John Wick: Chapter 4 (Laemmle Glendale, TCL
Chinese IMAX, March 2023) Twice in one week, both times with Emma, both times
overwhelming fun.
When Worlds Collide (Turner
Classic Movies Film Festival, April 2023) Bruce and I saw this fantastic
screening, hosted by the great sound designers Ben Burtt and Craig Barron. The
movie was really fun, featuring good actors (including the late Barbara Rush,
the cutest cutie pie in all of ‘50s cinema), terrific special effects and,
courtesy of our hosts, an overwhelmingly effective soundtrack retrofitted with
Burtt’s own version of Sensurround (BENSurround, of course) which fulfilled
George Pal’s dreams for the movie, as well as shook the shit out of our
internal organs and quite literally blew the side doors of the Hollywood Legion
Hall where we saw it wide open more than once.

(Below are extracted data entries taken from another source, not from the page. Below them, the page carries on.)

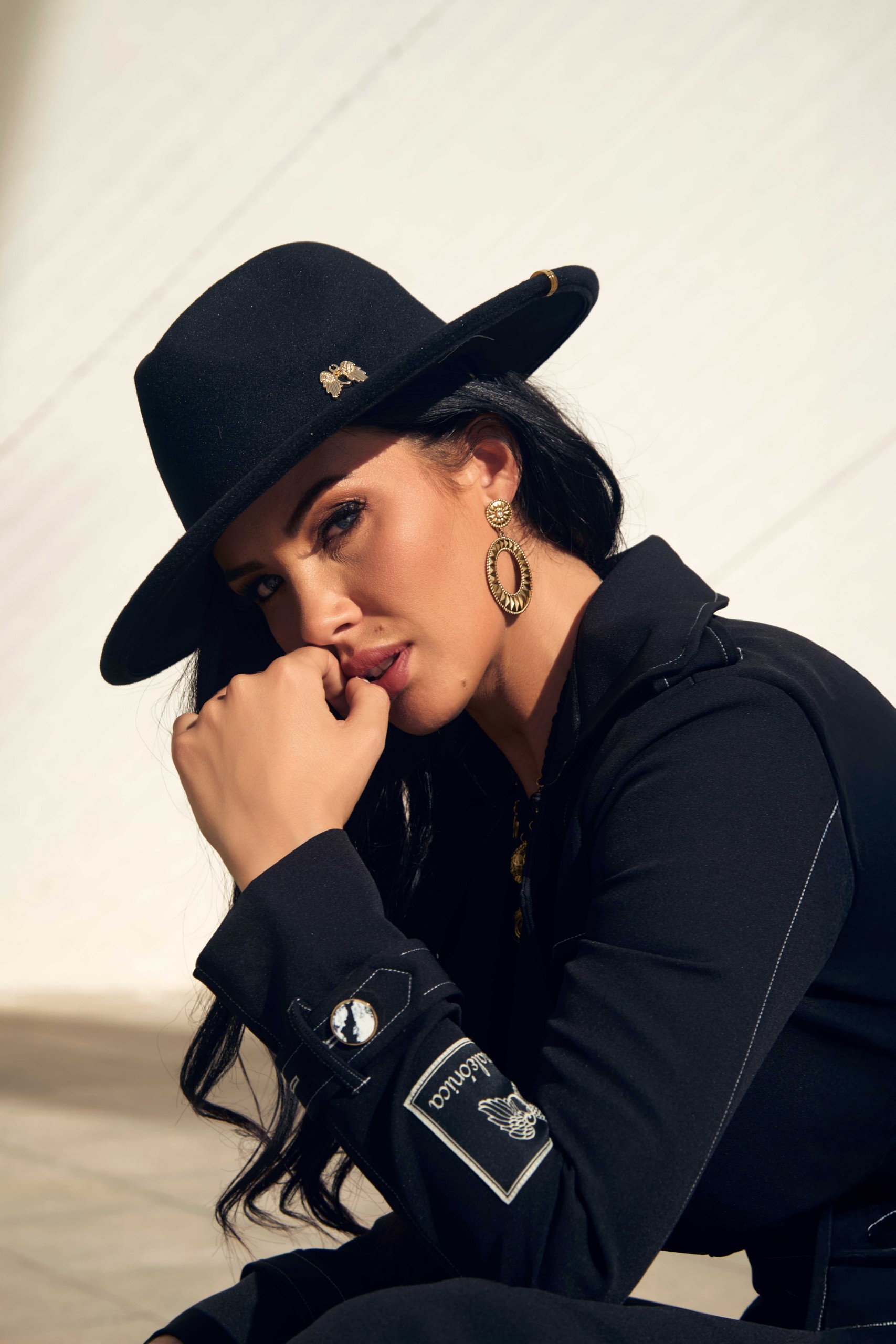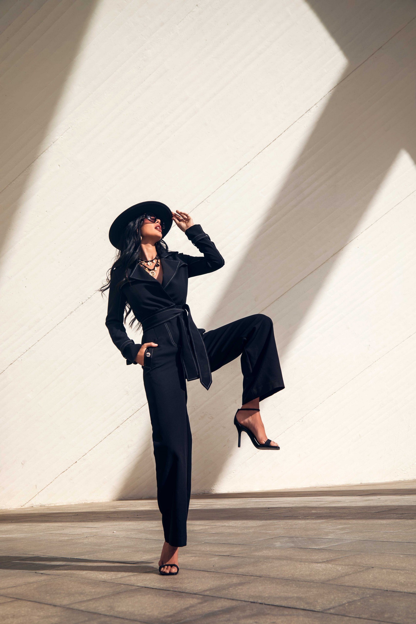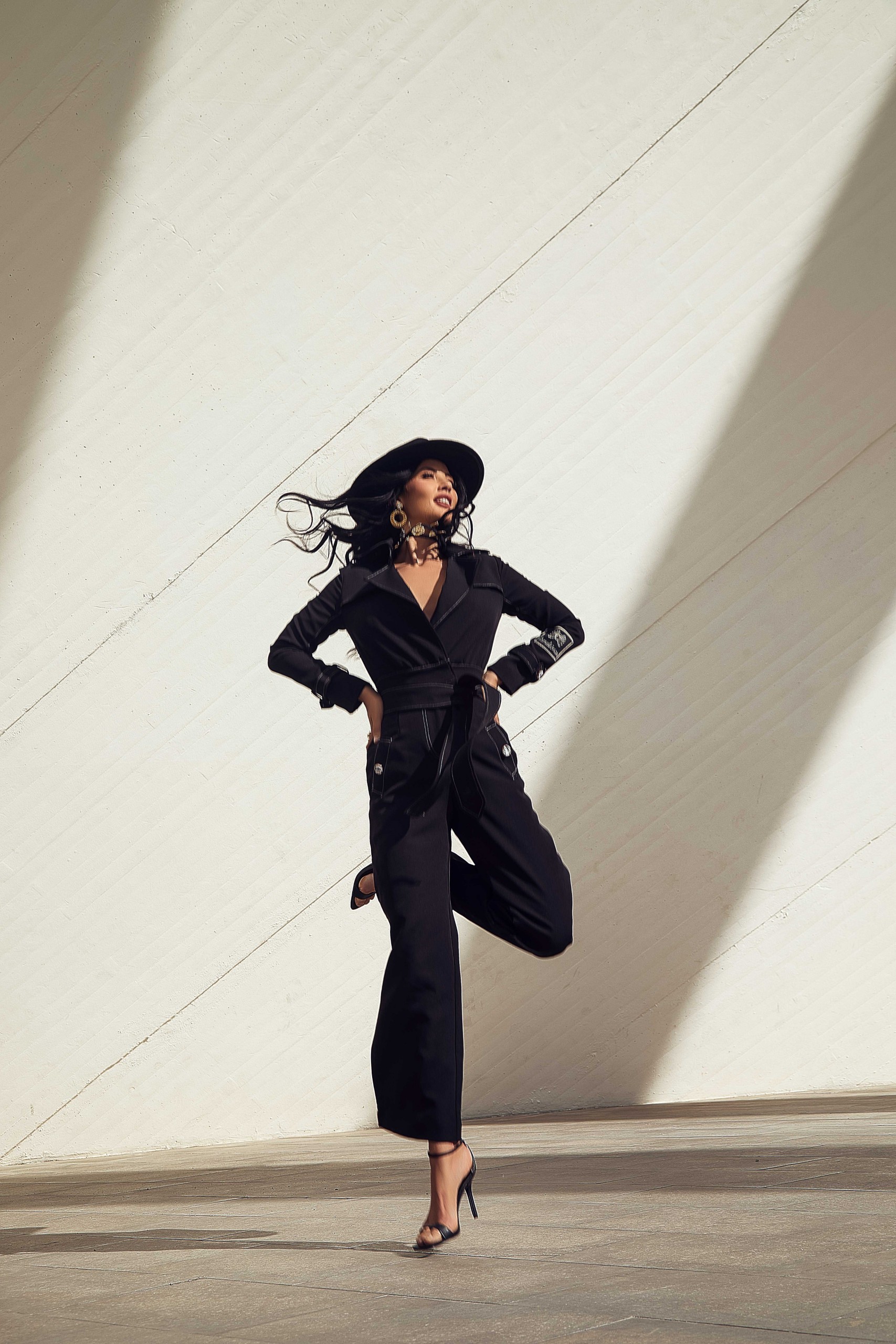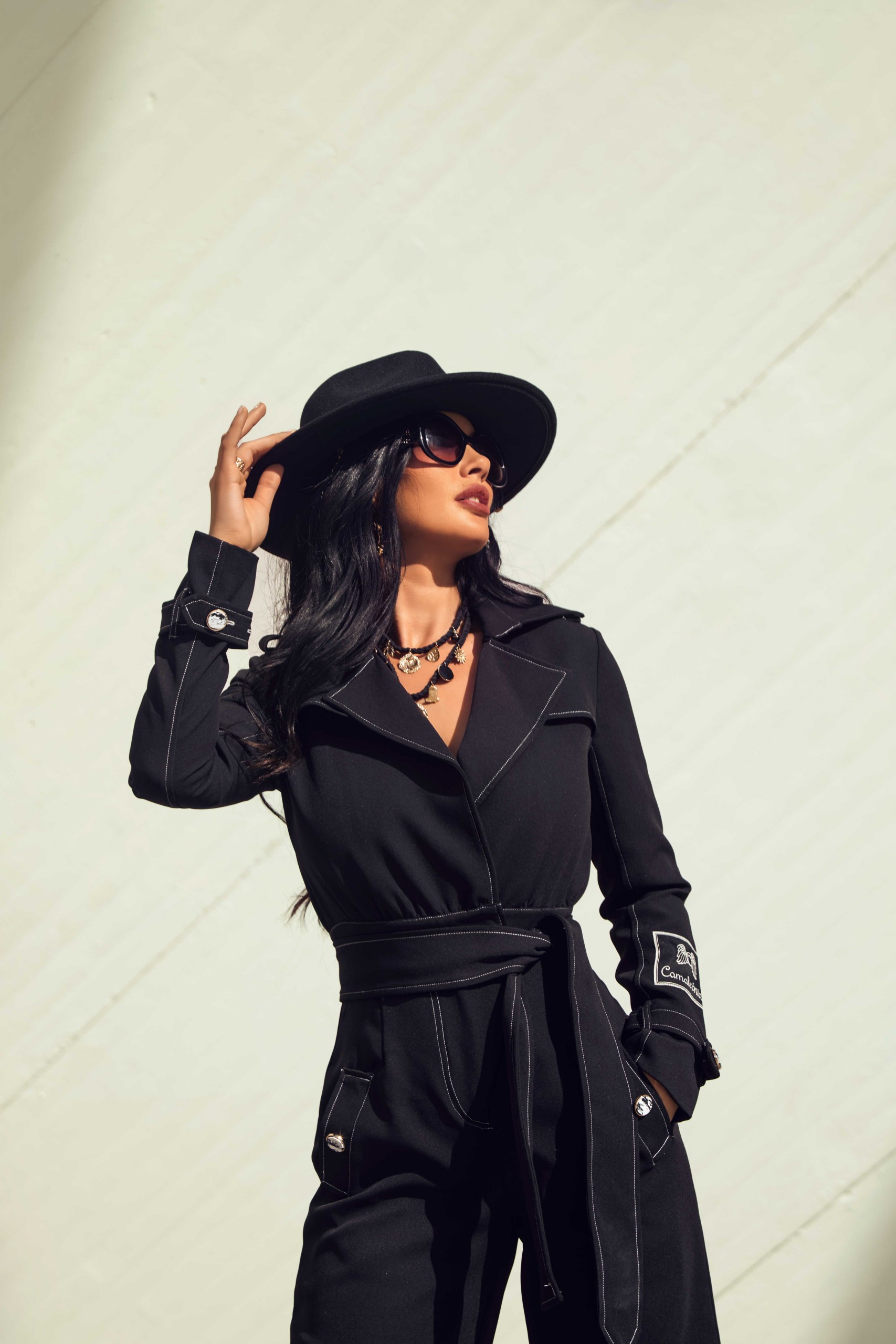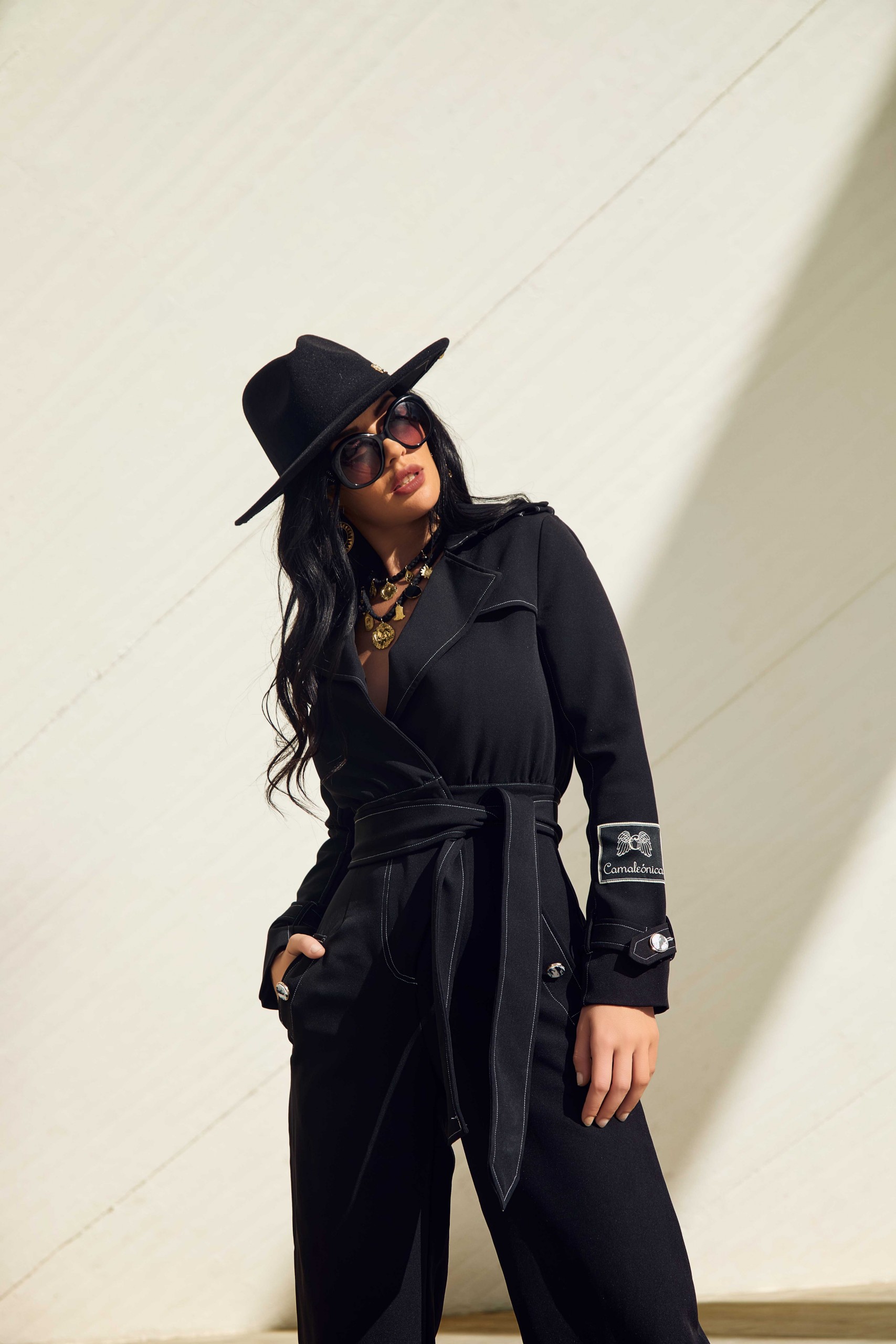 Mono casual largo en color negro con pespunte en blanco, trabillas en hombros y puños. Pequeña capa en parte superior de la espalda. Escote en pico cruzado. Cinturón atado con lazada del mismo tejido. Pantalón ancho con bolsillos laterales. Detalle botón marmolado. Logo de la marca en la manga.
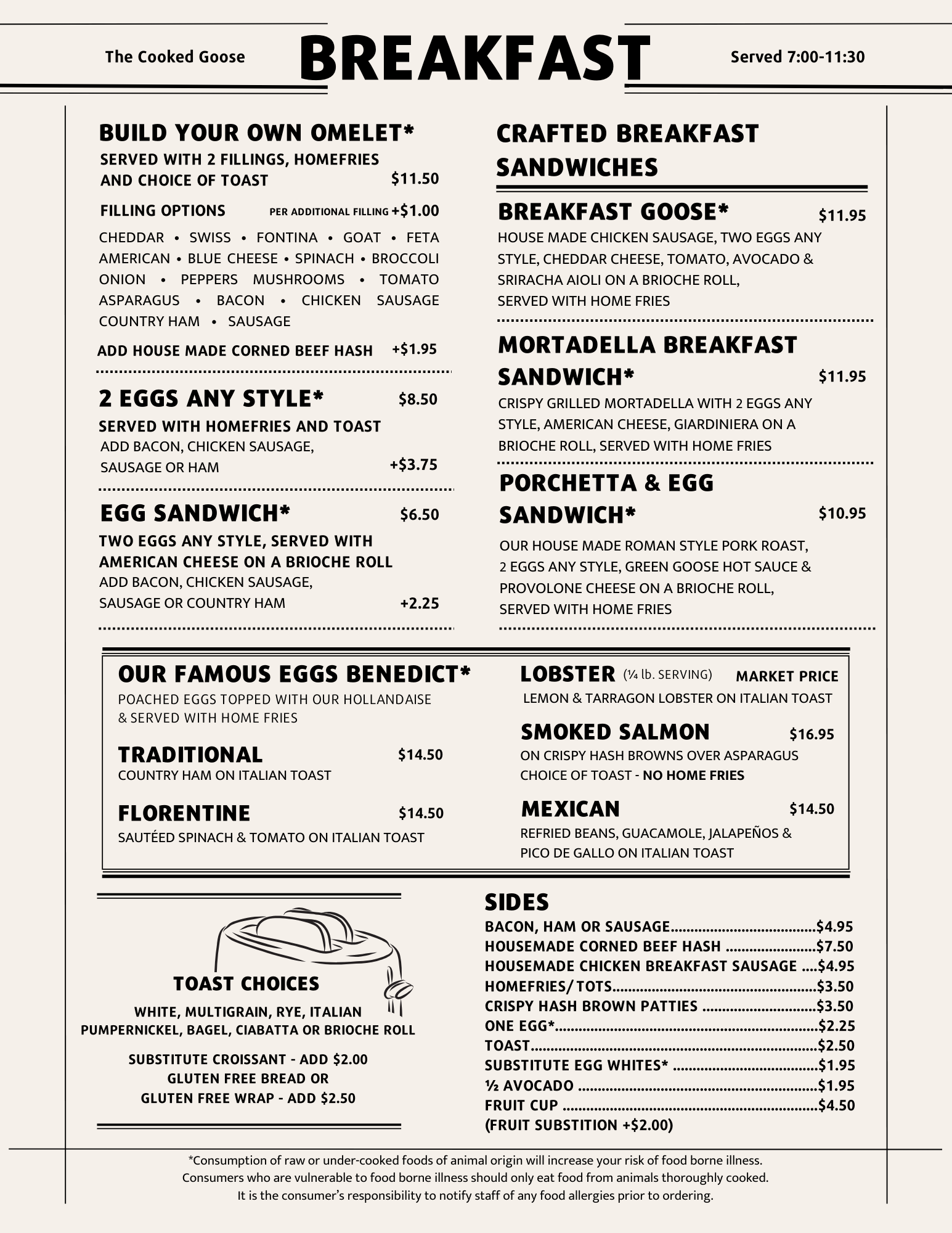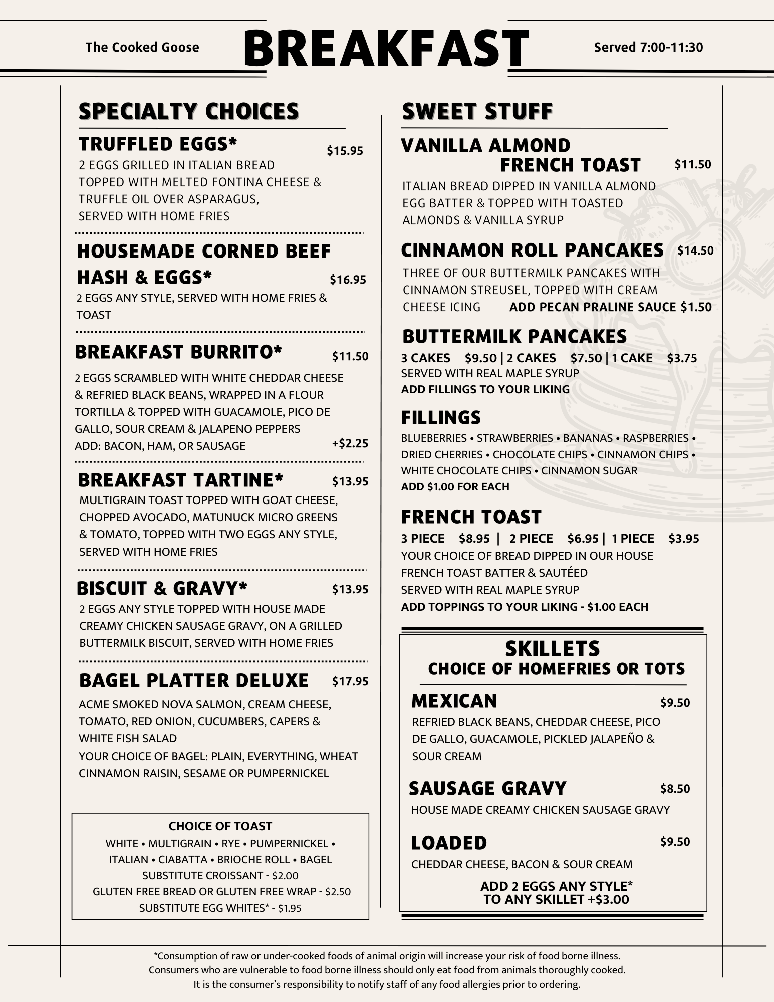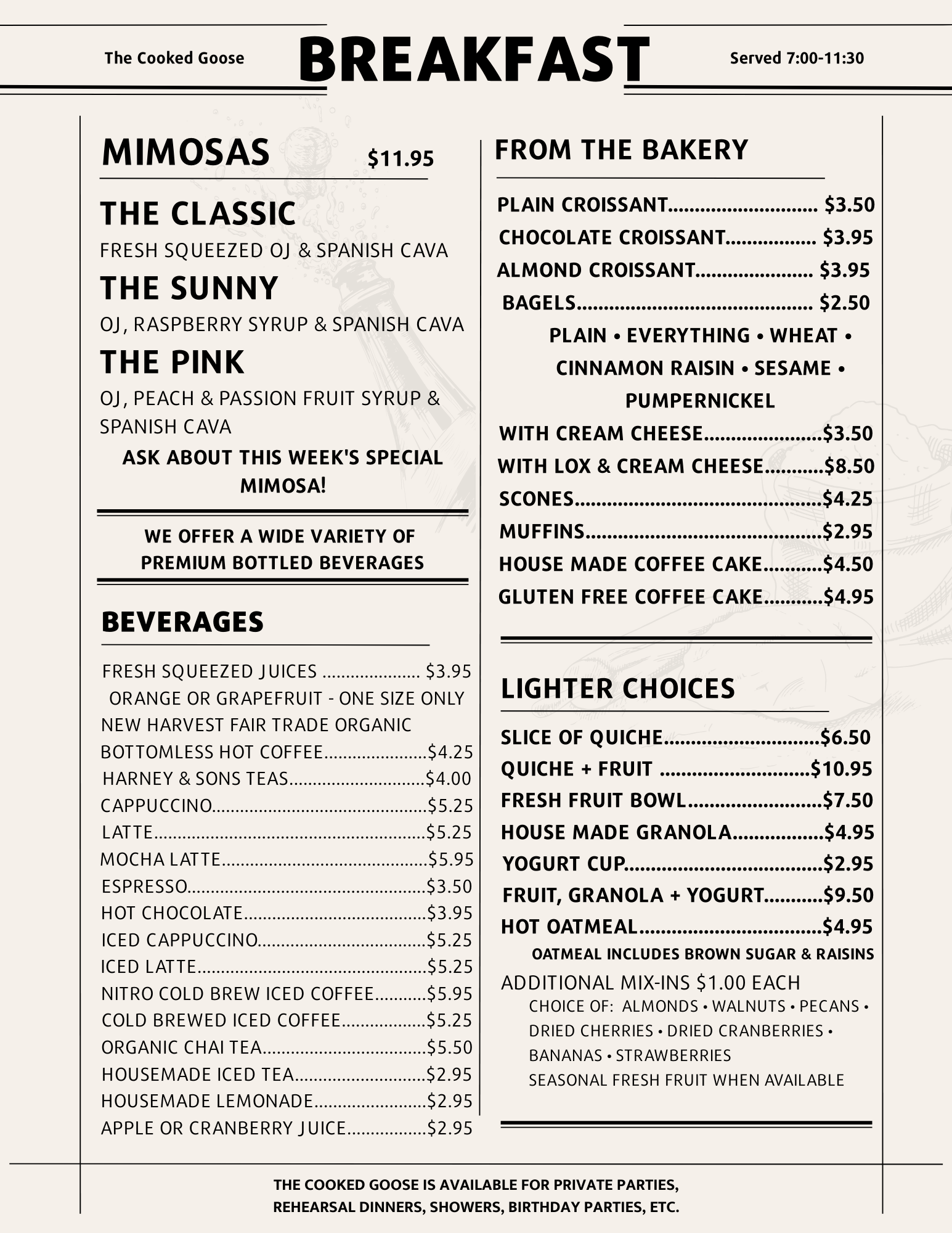 Please note that on busy mornings, breakfast may extend slightly while our kitchen completes breakfast orders and transitions to lunch.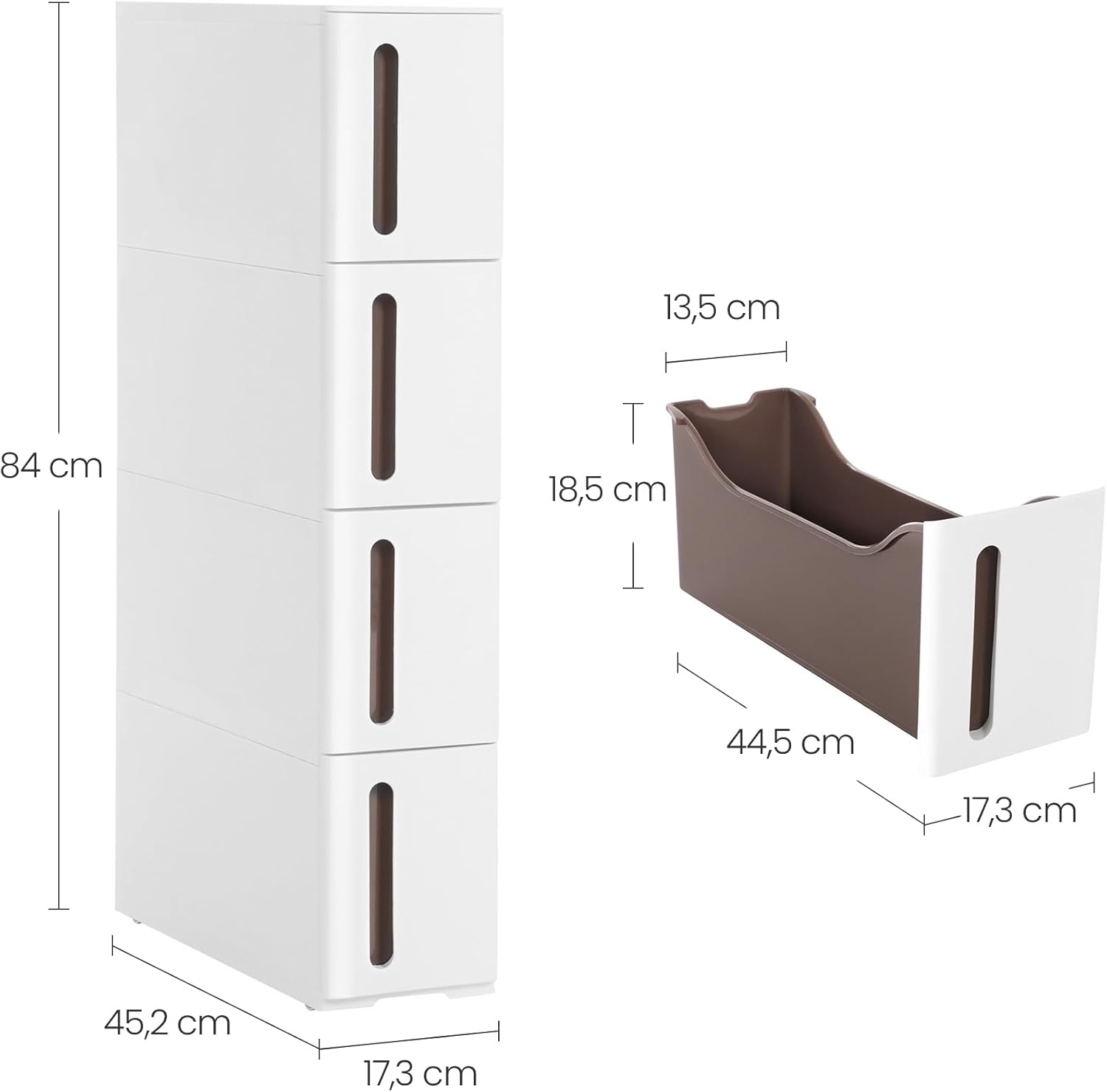 ☑️ Wymiary: 17,3 x 45,2 x 84 cm (szerokość x głębokość x wysokość)

Contempt (American Cinematheque at
the Los Feliz Theater, July 2023) My first time seeing Godard’s classic on the
big, wide screen. Brilliant.
Mission: Impossible—Dead Reckoning
Part 1 (AMC Media Center 8, Burbank, August 2023) Whoops,
we did it again!
Taste the Blood of Dracula and Frankenstein Must Be Destroyed (New
Beverly Cinema, October 2023) Fittingly, this great Hammer double bill,
featuring the best print of FMBD I think I’ve ever seen, was
the last time I attended the New Beverly Cinema to date. And just by chance, I
ran into Michael Torgan, who I hadn’t seen in a couple of years, and we got to
spend about a half hour talking outside before the movies began.
Oppenheimer (TCL
Chinese Theatre, August 2023) Before it became clear that Universal was going
to have to schedule more IMAX screenings, I grabbed the chance to get up at
4:30 on a Sunday morning and make my way onto a blessedly quiet Hollywood
Boulevard for a 6:00 a.m. IMAX screening of Christopher Nolan’s
soon-to-be-Oscar-winning hit. And that damn theater was packed. As much eerie
fun as a movie about the dawning of the end of the world could have possibly
been.
Stop Making Sense (two screenings, TCL Chinese Theatre, September 2023) The 40th-anniversary
rerelease afforded us two chances to see this masterpiece really big and loud.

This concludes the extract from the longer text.